» Task prompt: Word for word, reproduce the listing that follows, excluding any pictures it contains.
*** Available data ***
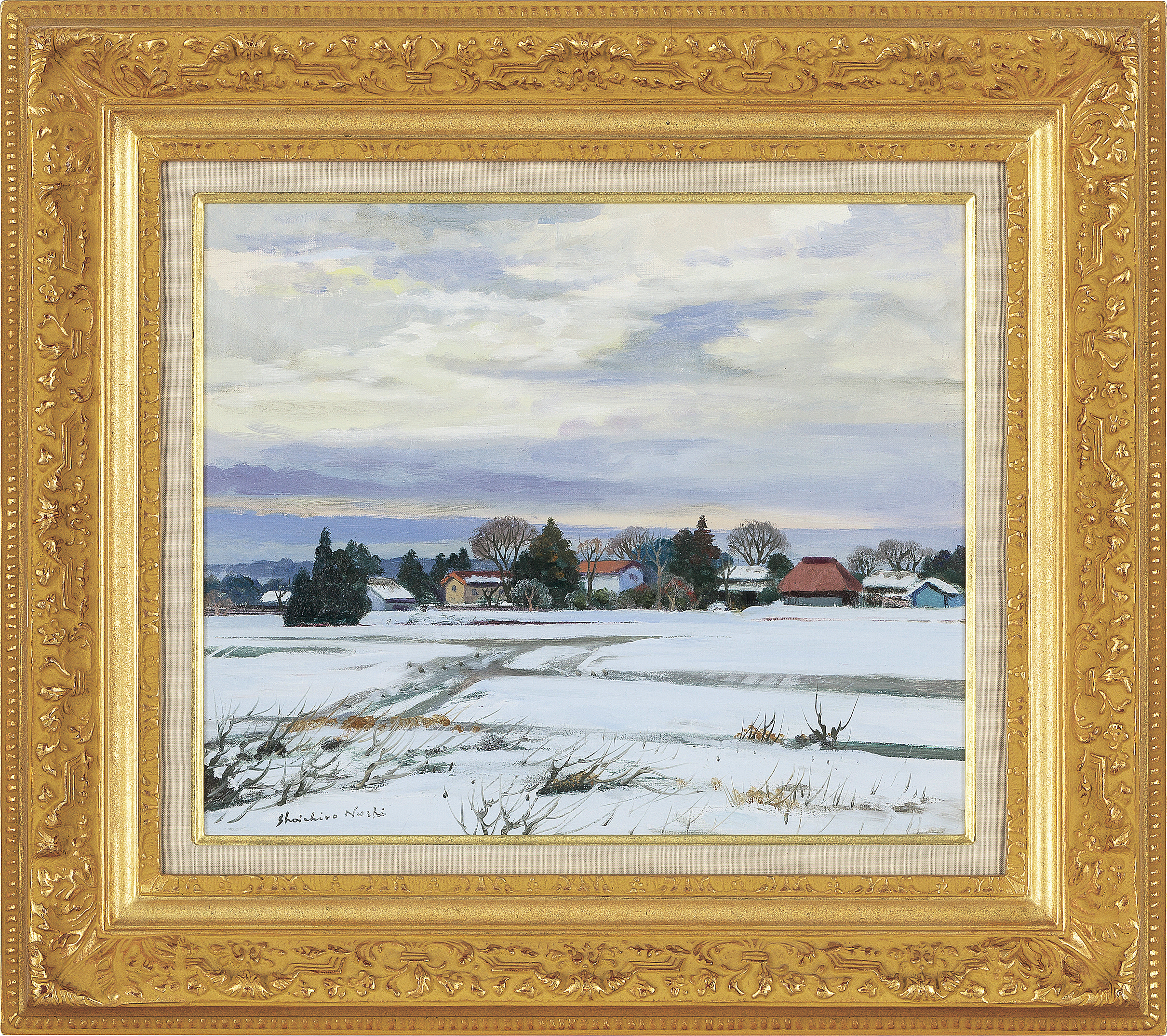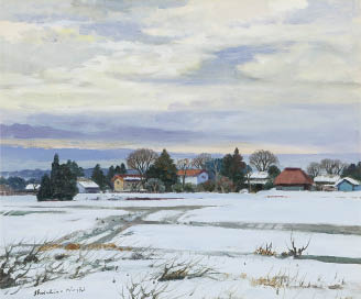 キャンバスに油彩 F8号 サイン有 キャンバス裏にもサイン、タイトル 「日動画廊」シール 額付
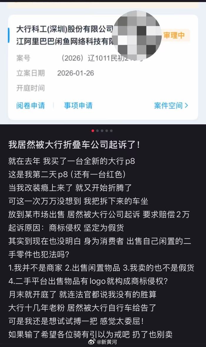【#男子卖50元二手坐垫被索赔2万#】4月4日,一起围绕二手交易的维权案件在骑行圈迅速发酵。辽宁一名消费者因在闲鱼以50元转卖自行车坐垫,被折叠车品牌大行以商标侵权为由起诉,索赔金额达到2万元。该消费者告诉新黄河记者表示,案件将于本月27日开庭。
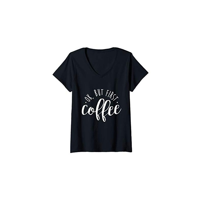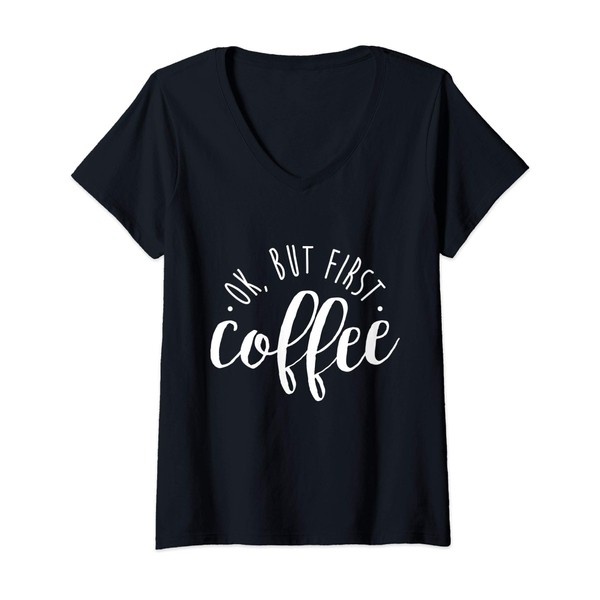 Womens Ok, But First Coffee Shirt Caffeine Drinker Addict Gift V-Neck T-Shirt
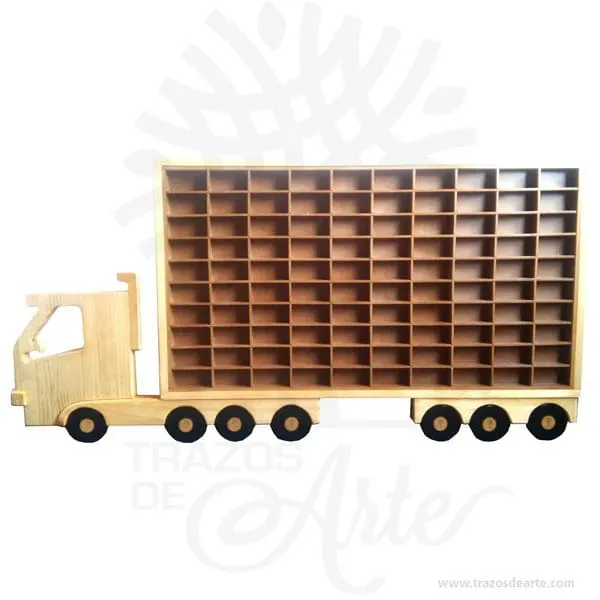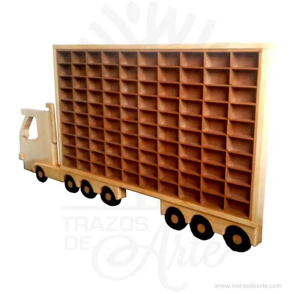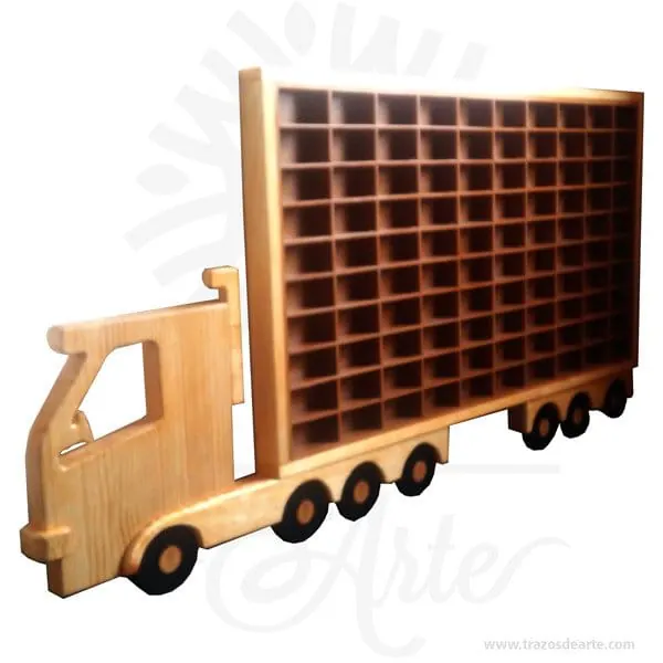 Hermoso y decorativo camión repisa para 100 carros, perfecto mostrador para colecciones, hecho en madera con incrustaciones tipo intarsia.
*** End of Available data ***
» Result for this task:
 キャンバスに油彩 F8号 サイン有 キャンバス裏にもサイン、タイトル 「日動画廊」シール 額付
【#男子卖50元二手坐垫被索赔2万#】4月4日,一起围绕二手交易的维权案件在骑行圈迅速发酵。辽宁一名消费者因在闲鱼以50元转卖自行车坐垫,被折叠车品牌大行以商标侵权为由起诉,索赔金额达到2万元。该消费者告诉新黄河记者表示,案件将于本月27日开庭。
 Womens Ok, But First Coffee Shirt Caffeine Drinker Addict Gift V-Neck T-Shirt
 Hermoso y decorativo camión repisa para 100 carros, perfecto mostrador para colecciones, hecho en madera con incrustaciones tipo intarsia.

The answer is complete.